Sherwood
Friday May.17, 2019

The un-Pinnable stock

"_I just want to Pin it_"
"_I just want to Pin it_"

Hey Snackers,

Reminder: Plan the excuses today. An estimated 10.7M people are expected to call in sick after Sunday's Game of Thrones finale.

Markets are focused on rebounding from this week's 2nd worst day of the year — The Dow jumped over 200 points Thursday.

Debut

Pinterest's inspiration-less first-ever earnings report

"Where to hide from investors"... We actually found a good Pinterest board for exactly that. In its first-ever earnings report since last month's IPO, Pinterest found a theme: slowing growth. Profits, revenues, user growth. All slowed. Then shares of the social-network-for-curating-nice-things dropped 15%. Here are 2 numbers to un-Pin.

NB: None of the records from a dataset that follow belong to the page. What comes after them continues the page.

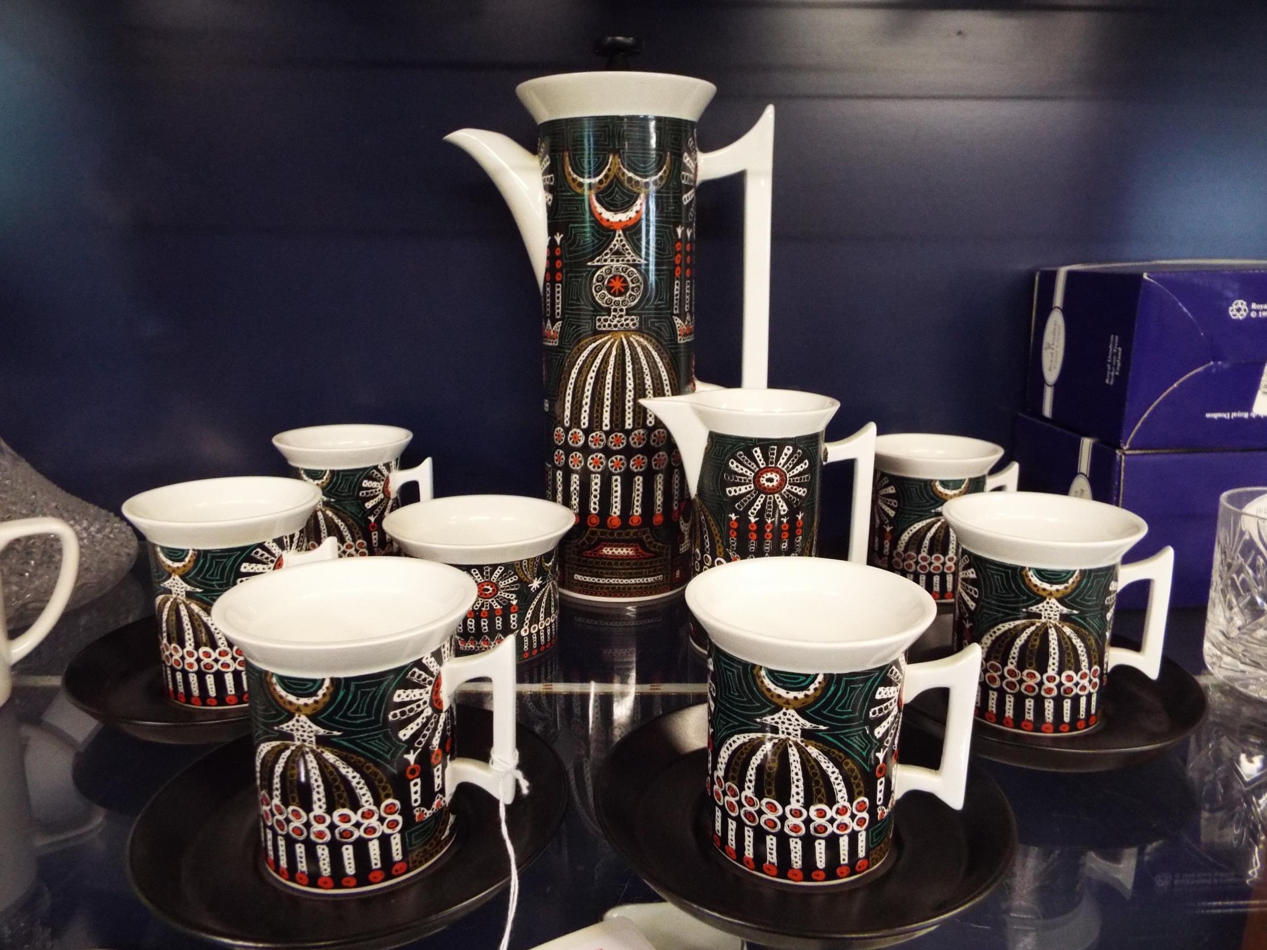 A Portmeirion 'Magic City' six person coffee set designed by Susan Williams-Ellis, to include cups, saucers, coffee pot, jug and sugar bowl
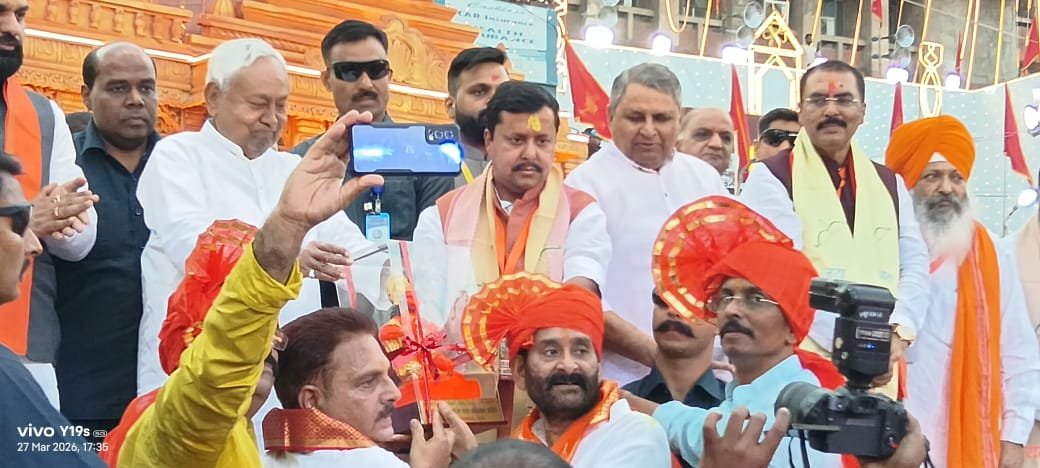 27 मार्च 2026, पटना। हाथी, घोड़े, ऊँट एवं गाजे-बाजे के साथ श्री साईं बाबा की पालकी श्री साईं शिव कृपा मन्दिर, कंकड़बाग परिसर से प्रारंभ होकर कॉलोनी मोड़, चिरैयाटांड ओवरब्रिज, एक्जीविशन रोड, डाक बंगला चौराहा से महावीर मन्दिर, पटना जंक्शन होते हुए वापस साईं मन्दिर पहुंची। अवसर था श्री साईं शिव कृपा मन्दिर न्यास समिति द्वारा श्री साईं शिव कृपा मन्दिर में श्री रामनवमी महोत्सव के छब्बीसवें वार्षिकोत्सव के अवसर पर दो दिवसीय समारोह की शुरुआत के प्रथम दिन आयोजित भव्य शोभा यात्रा सह पालकी यात्रा का । बड़ी संख्या में साईं भक्त इस पालकी शोभा यात्रा में शामिल हुए। साईं भक्तों ने साई बाबा की पालकी जिसमे साई बाबा विराजमान थे को अपने कंधे पर उठाकर नगर भ्रमण कराया I अलग-अलग टोलियों में लोग ॐ साईं राम एवं जय श्री राम का जयकारा लगाते और झूमते-गाते हुए पूरी तरह अनुशासित तरीके से सड़कों पर एक मिसाल कायम करते हुए आगे बढ़ते गए। युवाओं और महिलाओं की बड़ी संख्या शोभा यात्रा की रौनक बढ़ा रही थी।
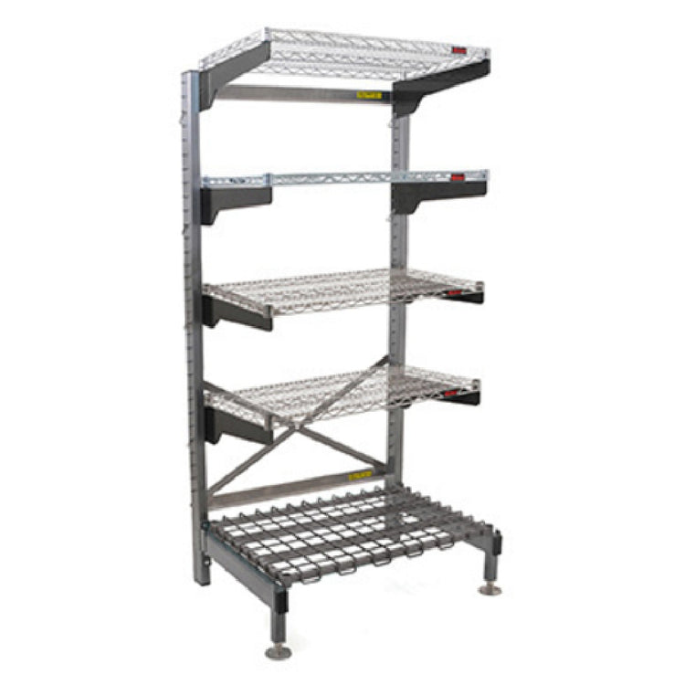 The Eagle Q2466VG76-5D Q-LEVER Cantilever Shelving Unit is a versatile and robust storage solution, catering to the diverse needs of various industry segments. This 5-tier shelving unit stands out with its overall dimensions of 70"W x 29"D x 76"H, offering ample storage space while optimizing floor area. It features four 66"W x 24"D wire shelves, crafted with a Valu-Gard® green epoxy finish, ensuring durability and corrosion resistance. The inclusion of a bottom dunnage rack adds to the unit's functionality, providing additional support for heavier items. Engineered with two sturdy uprights finished in a gray Valu-Master®, the shelving unit guarantees stability and strength. Its adjustable leveling feet make it adaptable to uneven surfaces, enhancing its usability in various environments. This unit is NSF certified, reflecting its compliance with high standards of safety and quality. The Eagle Q2466VG76-5D is ideal for businesses seeking a reliable shelving solution that offers both functionality and resilience. Whether used in commercial kitchens, warehouses, or retail spaces, this cantilever shelving unit supports efficient organization and storage, accommodating a wide range of applications with its exceptional design and engineering.
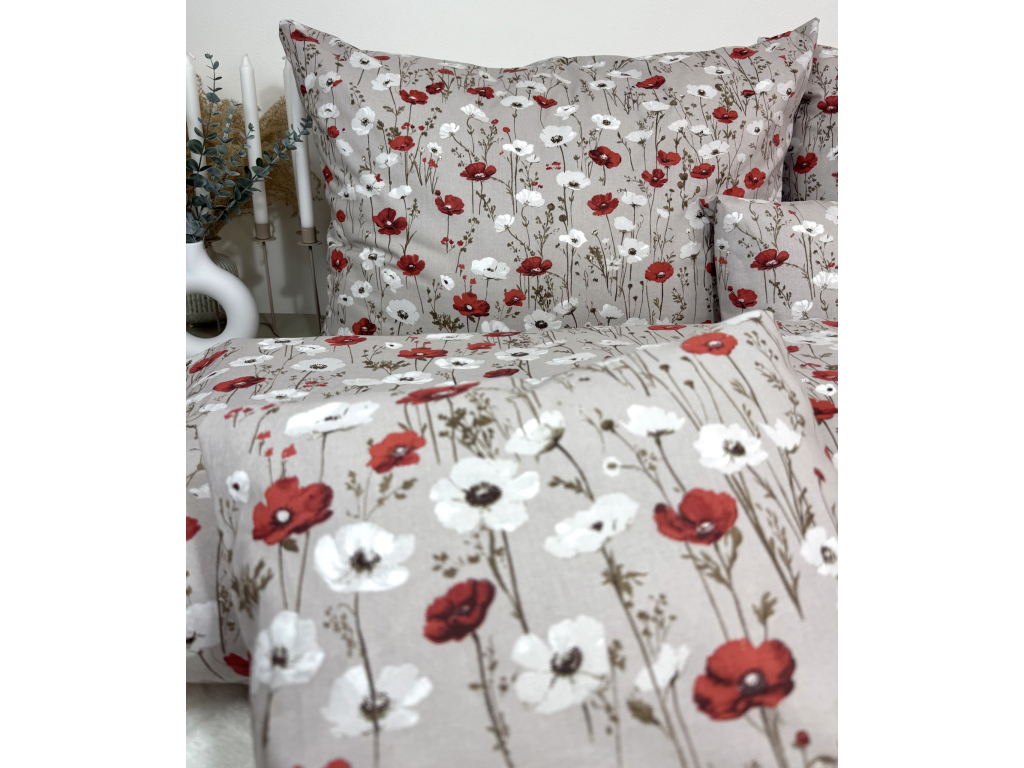 Posteľná obliečka Béžové maky prináša do spálne jemnú, prírodnú a elegantnú atmosféru. Béžový podklad doplnený o nádherné biele a červené maky pôsobí nadčasovo a harmonicky, vďaka čomu sa skvele hodí do moderných aj rustikálnych interiérov.
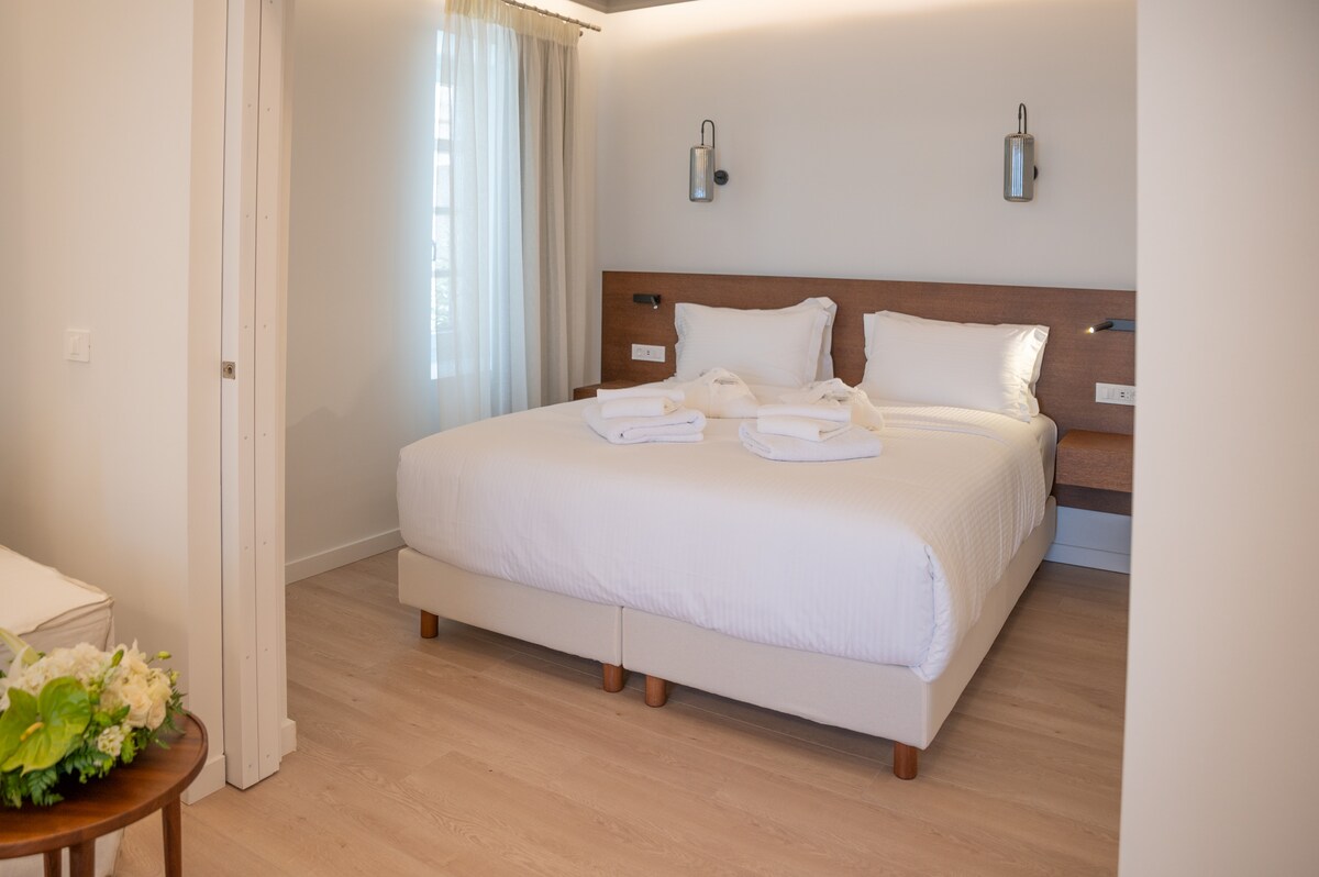 Elegant and thoughtfully designed, this 37 sq m. The suite accommodates up to 3 adults. It features a double bed and a high-quality sofa bed (90x200 cm) with an extra topper. The 12 sq m. semi-covered balcony offers peaceful garden views, while the modern interior creates a tranquil, airy space.
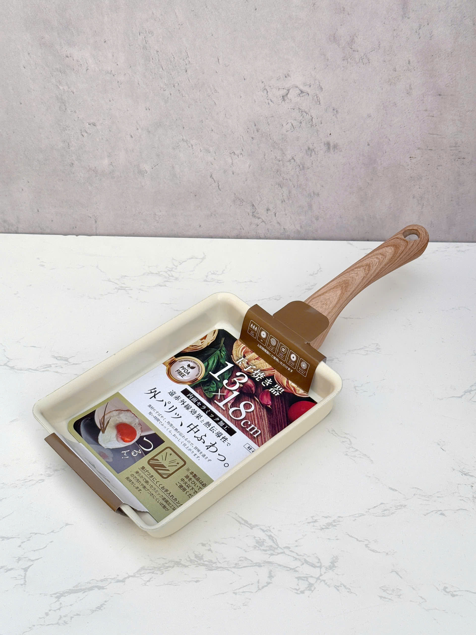 Với kích thước 18 x 14 cm, chảo phù hợp cho các món ăn nhỏ gọn, khẩu phần gia đình. Thiết kế không quá lớn giúp dễ thao tác, đặc biệt khi làm trứng cuộn nhiều lớp.
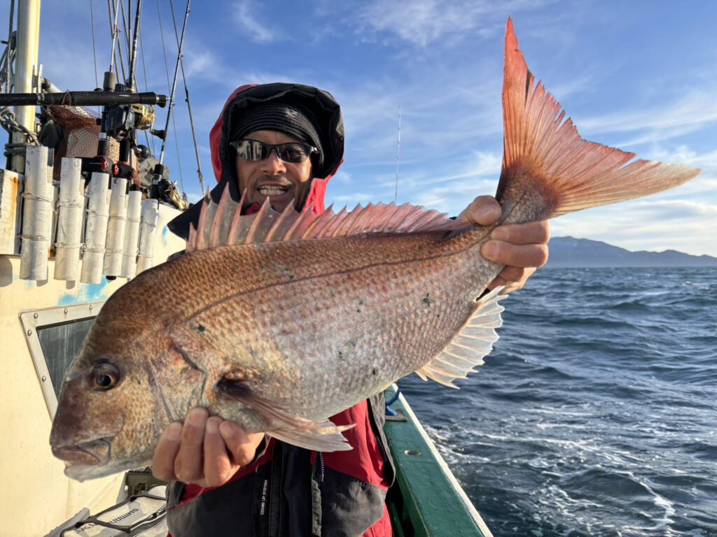 再三お伝えしている通り、ディープタイラバ釣りは特定の錘を使わずにタイラバヘッドの重さだけで仕掛け全体を海底まで落下、着低させた後、即一定の棚まで等速で巻き上げ、アタリがなければ再び仕掛け全体を海底に落下させ、再び巻き上げ、これを繰り返しながらマダイのアタリを待つといった、ある意味極めてシンプルな釣りと言えるようで、特にビギナーの釣り手の方には極めて入り易い釣りである事は間違いないようで、その一方、風の強さや潮の早さ、狙うポイントの水深、マダイの活性度、浮き具合等、各状況次第でのタイラバヘッドの重さ、形状、カラー、素材、更にはタイラバヘッド付近に介する各種ネクタイ、スカートの種類、カラー、形状、加えて針先に介するワームの種類、有無、更に更に巻き上げスピードの変化、探る棚の範囲等、各状況次第での各釣り手の判断、選択次第で大きく釣果に差が出てきてしまう為、当然の事ながら極めて奥深い釣りである事は間違いないようで、それがこの釣りの最大の魅力の一つであるようです。

  • 3X: That's how many times larger the $41M loss was than analysts expected.
  • 291M: That's how many Pinners there are out there showing off very nice/symmetrical pictures of anything.

Fewer pins, more promos... Your Snacks team compared Pinterest's average revenue per user — aka the number of ads users see as they scroll for the ideal guest bathroom wallpaper — to Facebook's.

  • Pinterest made $0.73 of revenue per user last quarter.
  • Facebook was almost 10-times that at $6.42.
  • The key to profits for Pinterest: Add more ads mid-scroll without overly annoying customers (80% of them are American moms between 18-64).

This is the nicer social media company... It's nice by not showing users as many ads as other social networks do. And it's nice by not having as much misinformation/hateful news-focused content as Twitter, Facebook, Youtube, and other platforms do. One of those is nice for investors, the other not so much.

Team

The new era of video game wars: Sony and Microsoft shake hands

Mutual hatred... is a powerful motivator #WhiteWalkers. Long-time enemies Sony and Microsoft battled admirably in the multi-phase Playstation vs. Xbox video game wars of our youth. Now they're truc-ing: An "unusual" partnership on cloud computing, the crucial engine that powers modern, online gaming.

It's hairy out there... A few major enemies forced this frenemy-ship:

  • "The tool kit": Amazon's Lumberyard lets anyone make their own games on its very-much-leading Amazon Web Services platform.
  • "The Holy Grail": That's what they're calling Stadia — It lets anyone, anywhere begin playing big games sans gaming console.

Play anything on any device... That's the future of gaming, according to Microsoft. So if a surprise partnership with Sony can help it achieve that in the $130B video game market, Microsoft is down to team up.

Born

Silicon Valley just got a new stock exchange: The Long Term Stock Exchange

Congratulations. It's a beautiful healthy... platform for securities trading. America just birthed its 14th stock exchange, the uncreatively named Long Term Stock Exchange. LTSE is just as regulated as siblings New York Stock Exchange and Nasdaq (it was approved by the SEC Friday and expects to open this year), but it's mission-oriented: It wants to fix "short-termism."

Quarter's over. On to the next quarter... Currently, public companies must calculate, prep, and announce their earnings reports every three months. Focusing on short-term results only benefits short-term focused traders — Hedge funds and activist investors. Instead, LTSE introduces 3 rules to encourage long-term thinking:

  1. Seniority-based voting: Older shares get more voting power. So the more in it for the long haul you are = the more power you have as a shareholder.
  2. Tie exec pay to long-term metrics: Limit CEOs from floating away on golden parachutes.
  3. No forecasts for quarterly earnings: None. Investors should care about 3 years, not 3 months.

This is Silicon Valley's farm for unicorns... You've seen the volatility of recent tech IPOs Uber, Lyft, and Pinterest. Long Term Stock Exchange wants to give companies the benefits of public markets (raise $$, trade your stock!), while cutting the negatives (no sacraficing long-term health for short-term profits). It's crafted for Silicon Valley's finest.

What else we’re Snackin’

  • Midas: Goldman makes its biggest acquisition in nearly 20 years: A wealth management firm
  • Fancy: Burberry is closing 10% of its stores worldwide to regain its exclusivity
  • Spared: Snap jumps 7% after Instagram kills its Snapchat clone, Instagram Direct
  • Ranked: Fortune announces its annual Fortune 500 list
  • Protein: Walmart's earning reveal a 37% jump in ecommerce sales powered by grocery orders
  • Unplugged: Nvidia makes the chips fueling data centers — now it says its clients are putting a "pause" on investing in those data centers

Friday

Disclosure: An author of this Snacks owns shares of Amazon and Sony.